I know what I will be doing.
Thank you,
Mike Will
Where I work, there is one ofther guy in the building that knows whats going on. We wink at each other and giggle sometimes when we pass in the hallway after gold or silver shoot up. The guys across the aisle are convinced that tech stocks are about to see a 1999 resurgence and are hoping their stock options will be worth something before they expire.
-Fred (the guy I wink at is Jim)
Great article -- and I love the gold coin picture because it appears to have Helvetias in it!
I own a few. They're little-known vintage Swiss gold coins. Small and unassuming, but for that, useful: one could envision having a few in one's pocket along with some plain fiat coinage and making it through the security screening at an airport on the way out of the country.
On that guy who thinks the dollar is "overvalued": I think this is borderline insane. It is pretty clear that there is a super-equilibrium quantity of "investment" in the US and in dollar holdings in general. If we ever return to equilibrium, the dollar will have to go down significantly. And that's just the beginning of the bearish case.
Tim (or others)
Any recommendations on a reliable vendor to buy cold coins from in small amounts?
Great Blog, missed it the last few days when you were laid low. Nice to have you back.
Anon,
For a number of reasons, I can't really make any recommendations in a public forum such as this. If you sign up for a free trial, you'll get plenty of information about buying bullion.
If any readers would like to assist, please do so.
Been very happy with service and price from Apmex. But do be patient wait until these things get flat hammered before buying. Don't worry, it will happen many times between now and the top.
Think about the insanity of what the Paulson posse is hoping to accomplish. It seems everyone is now convinced a lower dollar is in their favor. That's whacked.
For both owning and trading gold, I'm a big fan of bullionvault(.com).

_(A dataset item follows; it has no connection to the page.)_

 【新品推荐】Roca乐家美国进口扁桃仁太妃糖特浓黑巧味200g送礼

They combine a high-quality trading system and liquid market with vault-based, individualized physical gold (which you can extract, if in volume).
You can select which currency you want to use (dollars, pounds, or euros) and in which vault you want to buy and store (New York, London, or Zurich).

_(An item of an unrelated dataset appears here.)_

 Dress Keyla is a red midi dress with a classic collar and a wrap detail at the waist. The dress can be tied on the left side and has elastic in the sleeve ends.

On top of these great attributes, the management of bullionvault is great. I've had the president personally assist me, and the educational materials are insightful and top-notch.
For owning coins in relatively small quantities, I think there are a number of reputable places -- including investment rarities and kitco (or just go down to the nearest trustworthy local pawnbroker). Personally I wouldn't want to hold a lot of physical gold on-premises, or even in the country, because of confiscation risk.

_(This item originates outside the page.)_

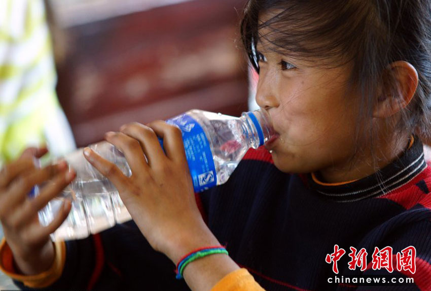 上課時(shí),孩子們喝在桌子上放著的礦泉水,現(xiàn)在他們每天發(fā)兩瓶水,很多孩子省下來一半帶回家給家人。沙浪 攝

Confiscation risk? Just adopt the old Nancy Reagan philosophy; "Just say, no!".
Clearly, this nation's currency will be among the ash heap of history once hyper-inflation kicks in. Study what happened to Argentina just a short time ago. Scary stuff.
To anonymous,
I own a small company called Encore Gold.
Feel free to visit my website at www.encoregold.com or you can call 1-877-563-8736 toll free.
I'll be happy to answer any questions you might have.
Best,
Mike Will
I'll second the recommendation for www.bullionvault.com Management is very helpful.
I'm also considering www.goldmoney.com to make and receive payments (they also do silver)
For direct purchases, www.apmex.com is excellent also.